SLE is a multi-systemic, autoimmune disorder that predominately affects women during their reproductive years [1], [2]. The prevalence and the incidence of SLE have been shown to vary across geographic regions around the world. It has been found more frequently in non-white populations compared to Caucasians, and the highest prevalence is reported among Afro-Caribbeans [3], [4].
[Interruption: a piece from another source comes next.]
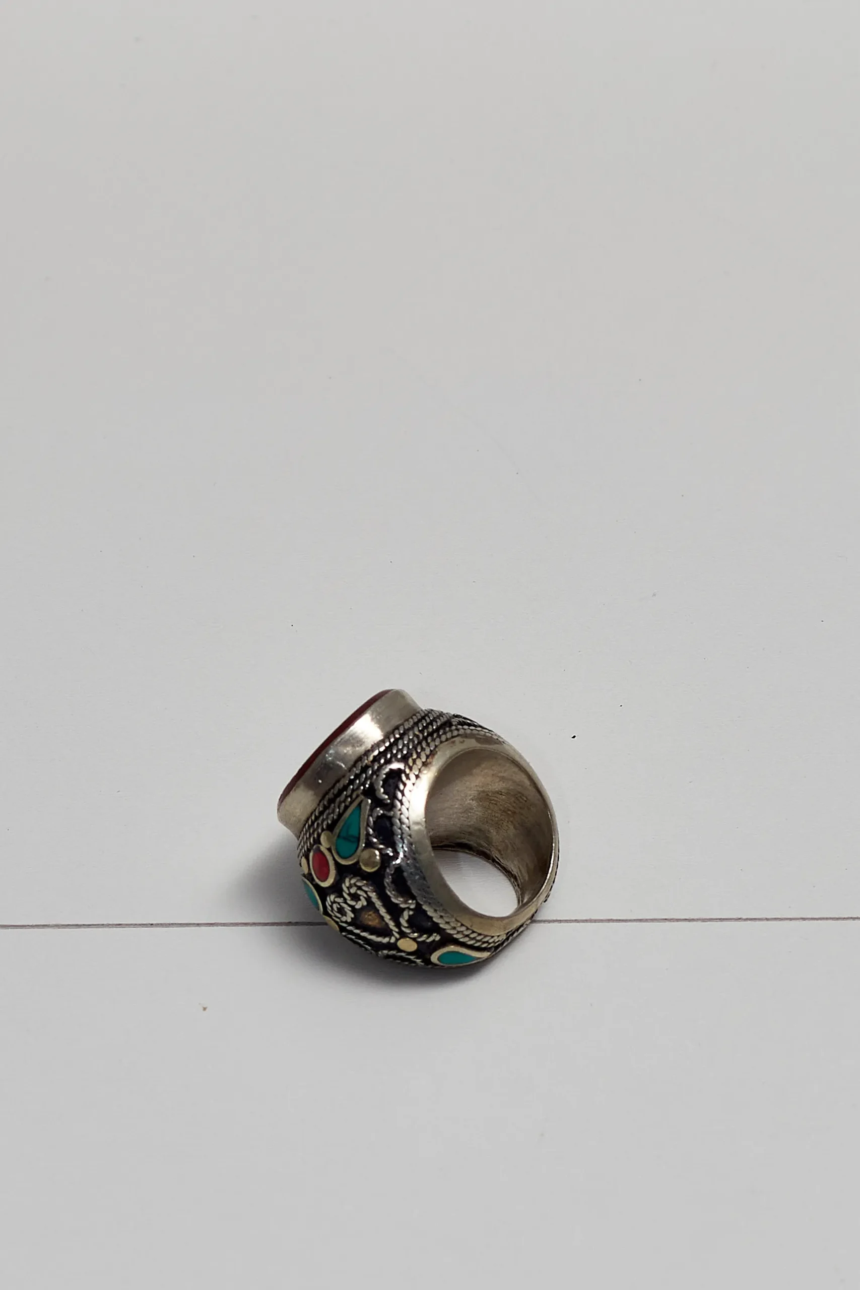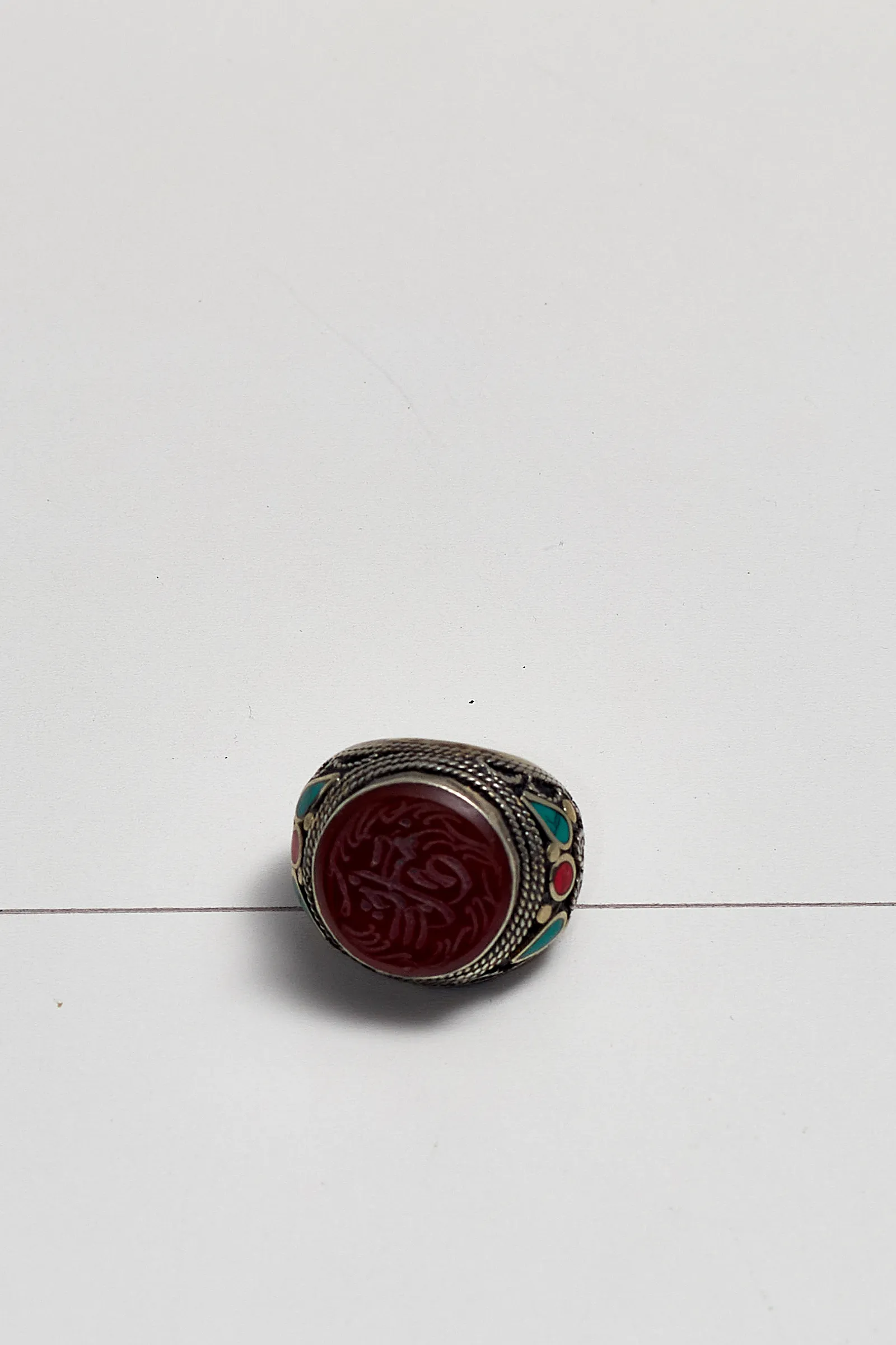 Vintage ethnic or tribal signet ring, handcrafted with a wide band, with a carnelian stone hand-carved in an intaglio style, coral and turquoise for the decorative inlay.

SLE is characterized by autoreactive T and B lymphocytes [5], [6], together with a presence of a diverse set of autoantibodies in the circulation of affected patients [7], such as antinuclear antibodies (ANAs), anti-double-strand DNA (dsDNA) antibody, and anti-Smith (Anti-Sm) antibody, which have been used as conventional serological markers in patients with SLE [8]. Although the direct cause of SLE remains unclear, many factors are revealed to contribute to the pathogenesis of SLE, including genetic susceptibility, epigenetics, hormones, and environmental factors [9]. SLE occurs when an individual with genetic susceptibility to lupus encounters environmental triggers such as sunlight, drugs, or infection. Immune tolerance is broken down such that T cells recognize self-antigens and provide help to autoreactive B cells, which produce abundant autoantibodies. These autoantibodies bind to self-antigens and reside in multiple organs, leading to organ inflammation, dysfunction, and failure. SLE can affect various organ systems, including skin, joint, kidney, central nervous system, and bone marrow [10], [11], [12], [13].

Epigenetics is a study of the reversible and potentially heritable changes in gene expression without genetic code alterations, including DNA methylation, histone modification, and microRNA (miRNA). Recently, epigenetics becomes a new area of investigation into the pathogenesis of SLE [14]. Even before DNA was identified as the inheritable molecules, it was known that not every gene in an organism can be active in each cell at all times. Indeed, epigenetics provides an additional explanation for how genetics can contribute to health and disease and is being increasingly recognized as an important factor contributing to SLE. For example, only 20% of concordance for SLE has been found in homozygotic twins, suggesting that there are roles of environmental and epigenetic factors in the onset of disease [15]. Further indirect evidence of the role of epigenetics is that SLE is found predominantly in females and that it can be accelerated by environmental triggers (e.g., infection, UV, drugs) and/or internal factors (hormones and stress). In addition, certain types of drugs, which have been reported to induce SLE, are also known to cause epigenetic modifications, including 5-azacytidine and procainamide [16]. However, the precise mechanism by which these and many other environmental agents initiate lupus flares in genetically predisposed individuals has not been elucidated. Among these epigenetic modifications, DNA methylation received global attention and has been intensively studied by our group and others. Thus, this review summarizes up-to-date data showing the immune abnormalities induced by DNA methylation in SLE patients and provides insight into the possibility of relevant diagnosis biomarkers and therapies.